◆ **Available data**:
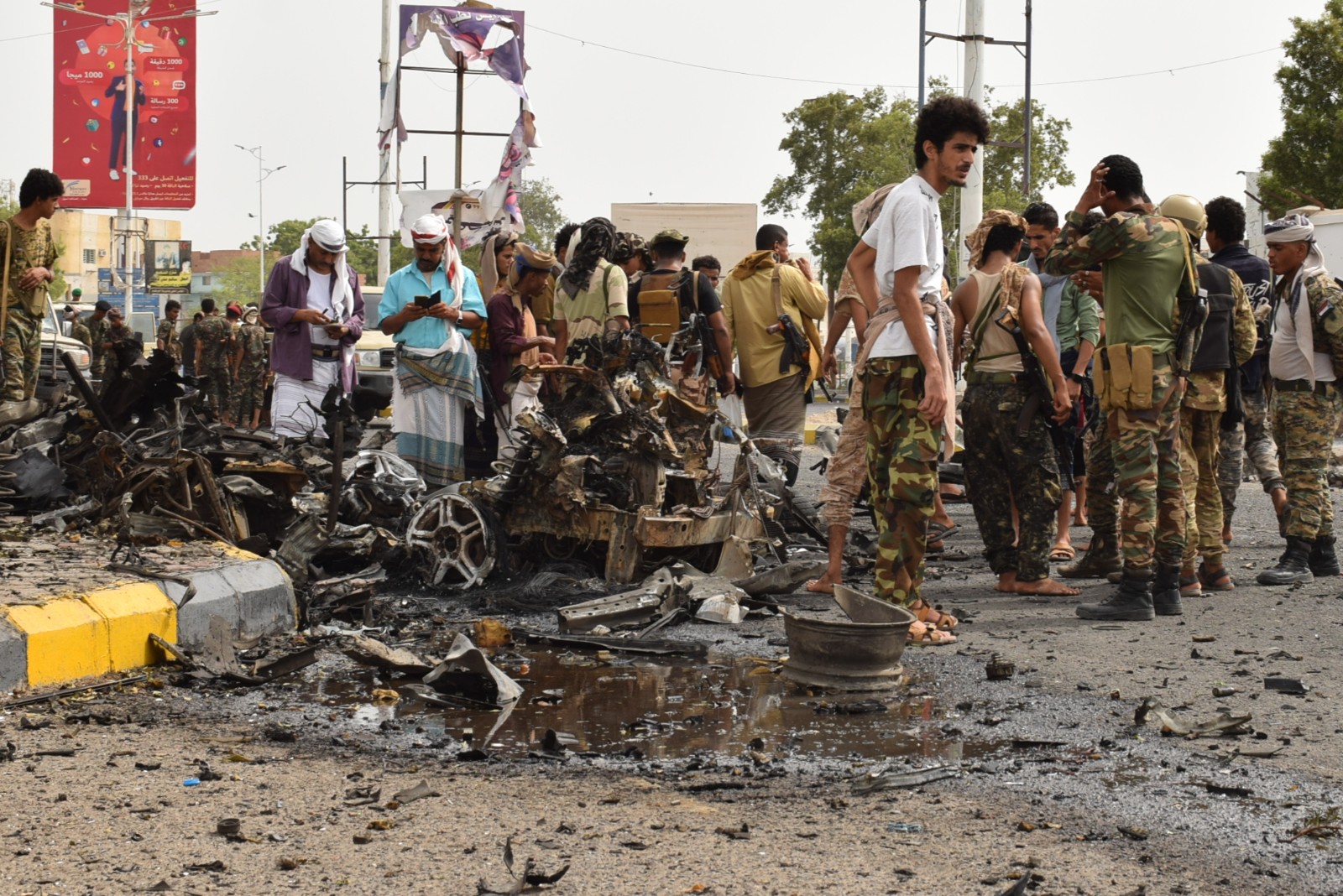 6月29日,安全人員聚集在也門亞丁的汽車炸彈襲擊現(xiàn)場。
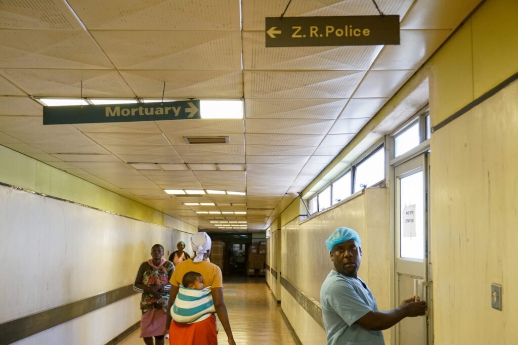 A hospital corridor leads to the mortuary at Parirenyatwa Hospital. Zimbabwe’s public health system faces a severe shortage of pathologists, leading to postmortem delays and widespread bribery. Families say they’re often pressured to pay unofficial fees to expedite the process or obtain basic information about their loved ones.
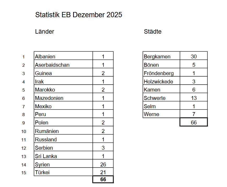 30 von den insgesamt 66 Personen wohnen in Bergkamen und 13 in Schwerte – auch das ist so wie fast immer.
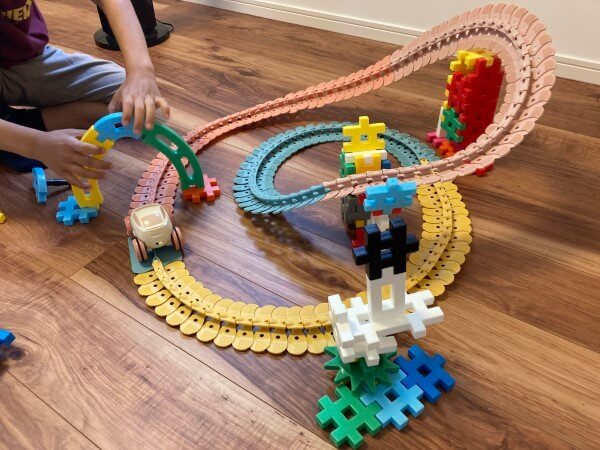 勾配をつけるために箱などを使っていましたが物足りなくなって持ってきたのが、手持ちの「ニューブロック」。コースの支えを作ったり、踏切や橋を作ったりと、創造力豊かに遊んでいました。

◆ **What you need to do**: With pictures excluded, restate word for word the lines from the one that contains "A hospital corridor" through the end of the material, inclusive, and nothing more.

◆ **Exercise output**:
 A hospital corridor leads to the mortuary at Parirenyatwa Hospital. Zimbabwe’s public health system faces a severe shortage of pathologists, leading to postmortem delays and widespread bribery. Families say they’re often pressured to pay unofficial fees to expedite the process or obtain basic information about their loved ones.
 30 von den insgesamt 66 Personen wohnen in Bergkamen und 13 in Schwerte – auch das ist so wie fast immer.
 勾配をつけるために箱などを使っていましたが物足りなくなって持ってきたのが、手持ちの「ニューブロック」。コースの支えを作ったり、踏切や橋を作ったりと、創造力豊かに遊んでいました。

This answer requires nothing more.